JAKARTA (Reuters) - Little over a decade ago, Indonesian budget airline Lion Air served a single route on remote Borneo island. On Friday, it placed a $21.7 billion order with Boeing (BA.N), the airplane giant’s biggest commercial order on record.
PT Lion Mentari was founded with just $10 million in start-up capital in 1999 by Kusnan and Rusdi Kirana, who ran a travel agency until they spotted a growth opportunity when the Indonesian government deregulated the aviation industry.
Lion Air -- 48-year-old Rusdi is now CEO, and Kusnan is president commissioner -- was one of dozens of new carriers to emerge around that time in Southeast Asia’s biggest economy, including Sriwijaya Air and the now bankrupt Adam Air.
The Boeing deal for 230 short-haul jets takes Lion Air’s orderbook to more than 400 planes, which they aim to use to fly across an Asia-Pacific region still seeing robust passenger growth despite the shaky global economy.
The deal includes options for another 150 aircraft valued at $14 billion, bringing its potential total value to $35 billion.
The aggressive buying spree comes ahead of regional air liberalisation in 2015, part of a planned Southeast Asian free trade economic community. At the moment, some Southeast Asian nations shut out airlines to protect their national carriers.
“If you’re looking at a short term view, people will call us nuts, but we’re talking about an opportunity here and we’re taking a long term view,” said Edward Sirait, a Lion Air director.
“Look at the growth in the region -- China, India and Southeast Asia.
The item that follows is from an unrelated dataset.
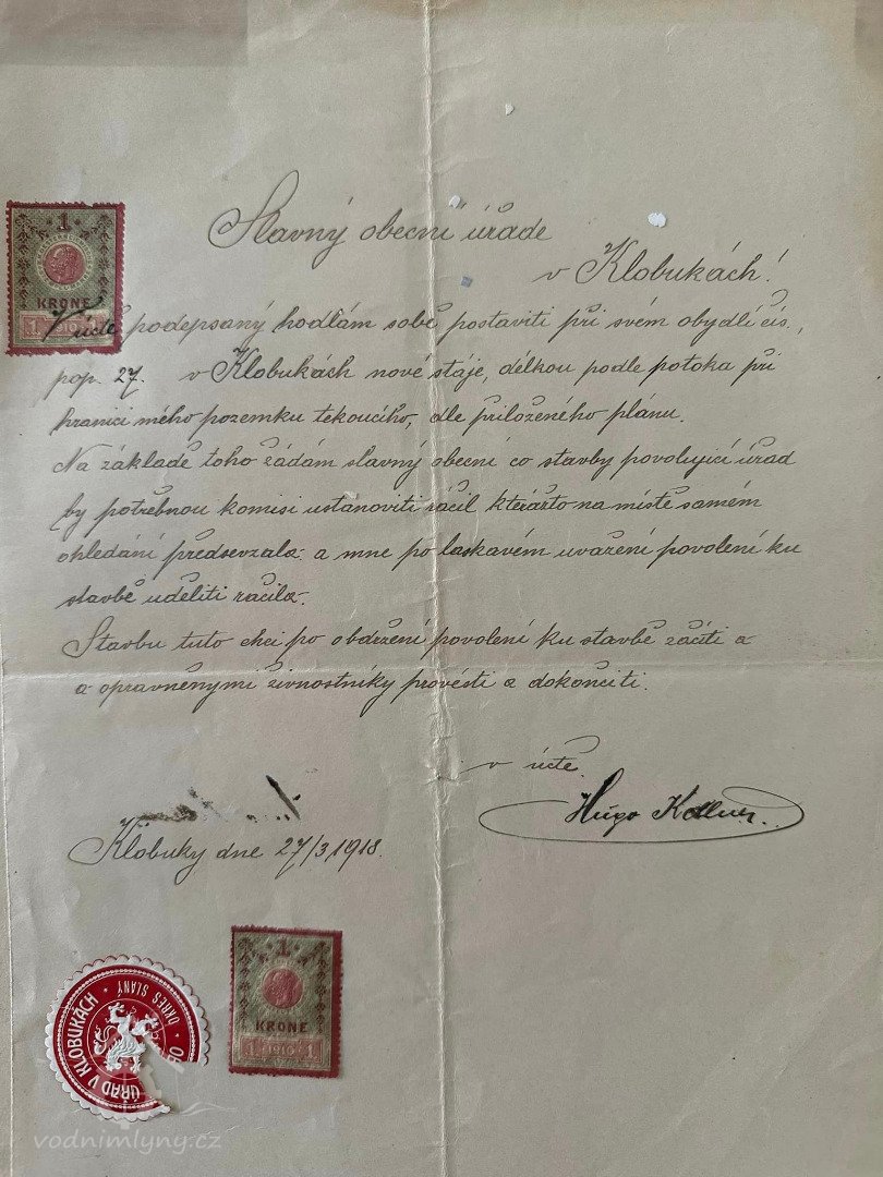 V roce 1930 byl majitelem mlýna Hugo Kellner, potok se nazýval Zlonický.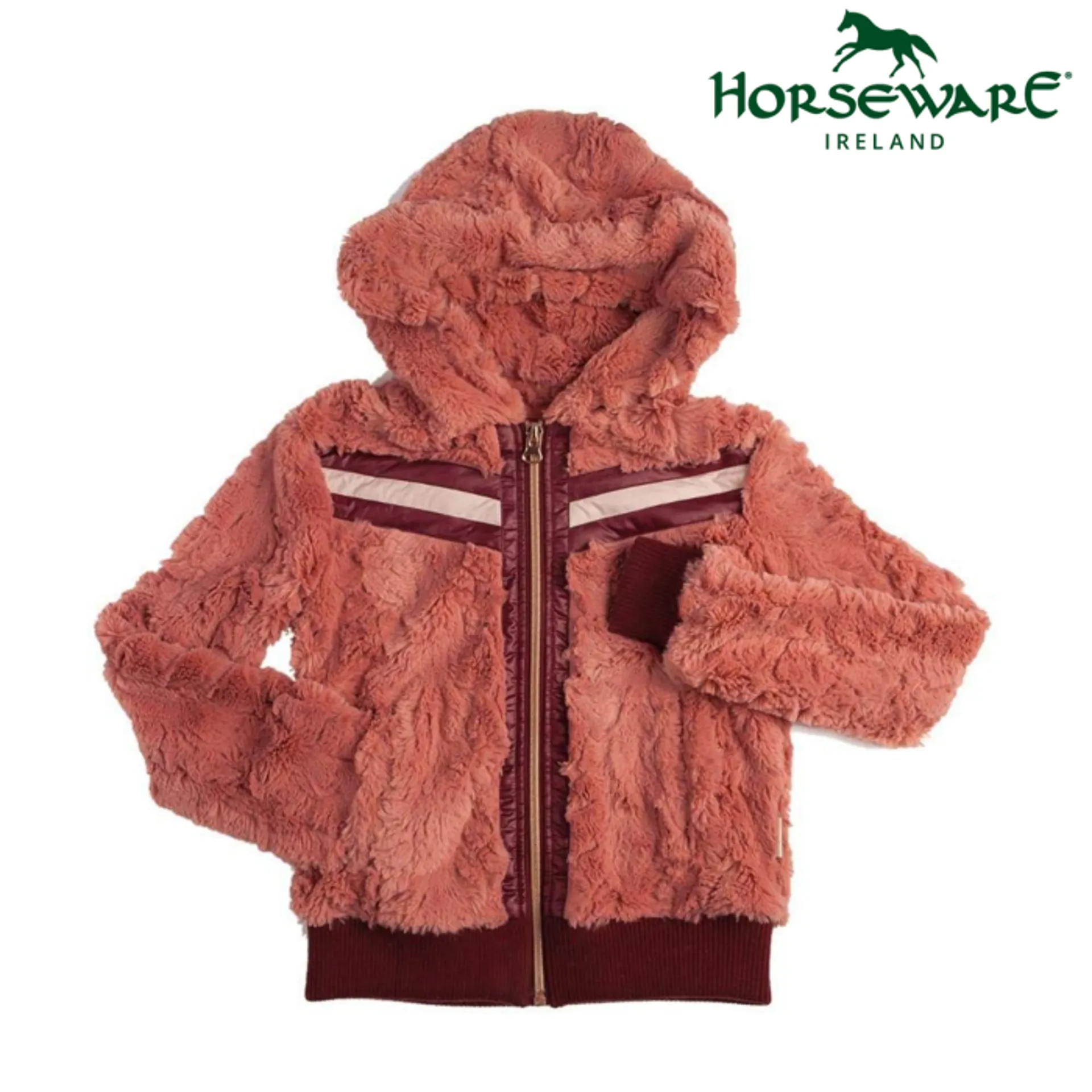 The perfect addition to a young equestrian's wardrobe. The adorable jacket has a luxurious soft and dreamy feel both inside and out that provides optimum comfortability and warmth. This jacket features sporty contrasting stripe detail and on-trend rose gold accessories. The Horseware Girls Super Luxe Faux Fur Hoodie Dusk Pink is machine washable.

It’s tremendous and what we’re doing now is to anticipate 5-10 years ahead,” he told Reuters.
The deal for 201 of Boeing’s updated 737 MAX planes and 29 Next-Generation 737-900 extended range planes -- announced as U.S. President Barack Obama attended a regional meeting in Indonesia -- will be financed in part by the U.S. Exim Bank, Sirait said.
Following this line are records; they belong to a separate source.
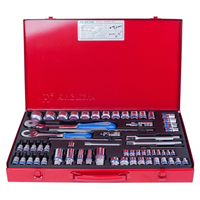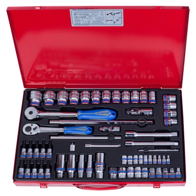 Набор торцевых головок с принадлежностями в металлическом кейсе. Включает стандартные, свечные и глубоки головки, карданы и переходники, воротки и удлинители. Предназначен для работы с различными резьбовыми соединениями. Обеспечивает доступ к детали в ограниченных условиях. Возможно применение совместно с электрическим или пневматическим инструментом. Подходит для СТО и мастерских.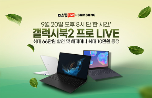 유니씨앤씨는 AMOLED 디스플레이와 초슬림 초경량 디자인으로 뛰어난 휴대성을 자랑하는 삼성 갤럭시북2 프로 / 갤럭시북 S 대상으로 최대 66만원 할인 혜택과 푸짐한 사은품이 증정되는 ‘갤럭시북2 프로’ 라이브 방송을 2022년 9월 20일 20시부터 단 1시간 동안 네이버 스마트스토어를 통하여 진행한다.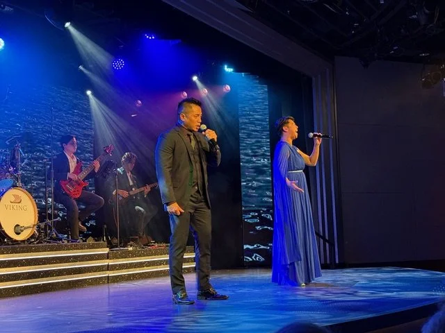 We were also surprised by the extreme talent of our cruise director, Patricia Poblador, who was not only a very competent cruise director, but also a professional musician, both vocally and instrumentally. Her sidekick, assistant cruise director Jason, was equally competent in his ship work as well as on the stage. Together they performed “The Prayer” and it was goose-bump producing.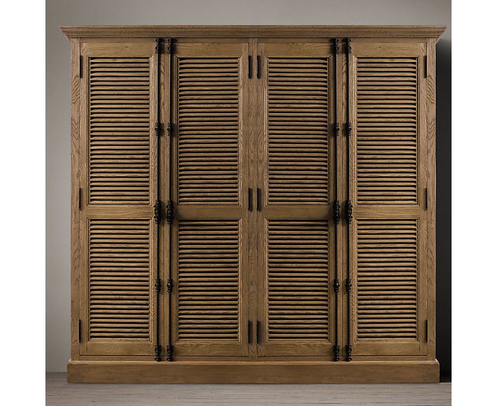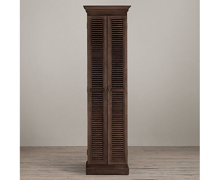 Жалюзи, архитектурная деталь, впервые использовавшаяся в Древней Греции, нашли новое место в доме. Шкаф простой по оформлению, но вместительный и удобный. Модель изготовлена из массива дуба. Одна зафиксированная и три регулируемых полки для хранения вещей.

The rest will come from a consortium of international banks, which is still being finalised.
Delivery of the planes will be in 2017-25.
Lion Air plans an initial public offering next year to raise more than $1 billion through the sale of a 20-30 percent stake, to help finance its rapid expansion. It aims to fly to China, India, South Korea, Japan and Australia.
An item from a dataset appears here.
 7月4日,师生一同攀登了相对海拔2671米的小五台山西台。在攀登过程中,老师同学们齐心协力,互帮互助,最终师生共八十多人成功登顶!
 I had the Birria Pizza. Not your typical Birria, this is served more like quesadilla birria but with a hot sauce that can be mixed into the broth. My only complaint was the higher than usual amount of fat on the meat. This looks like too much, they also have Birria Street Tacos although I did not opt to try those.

Much of the growth in Asia’s air travel industry has been driven by budget carriers, but Lion Air plans to use the blueprint of regional leader AirAsia (AIRA.KL) and set up a premium airline, too. PT Space Jet is expected to launch in a year’s time.
Lion Air operates 92 planes and has a load factor of above 80 percent. The latest order comes on top of a $14 billion deal signed in 2008 with Boeing for 178 737-900s, which will be delivered in stages until 2016.
Apart from flights around the sprawling Indonesian archipelago, Lion Air flies to Jeddah and Singapore, but is banned from flying to the European Union because of safety concerns. The EU last year allowed flag carrier PT Garuda Indonesia (GIAA.JK) to resume flights after a similar ban.
No Lion Air plane has crashed in a domestic industry that regularly sees deadly aviation disasters, but its planes have skidded off runaways and it has been criticised for regular flight delays.
As the air industry takes off, analysts say Indonesia must revamp overloaded and dilapidated infrastructure, including airports and power supply, to sustain current growth levels.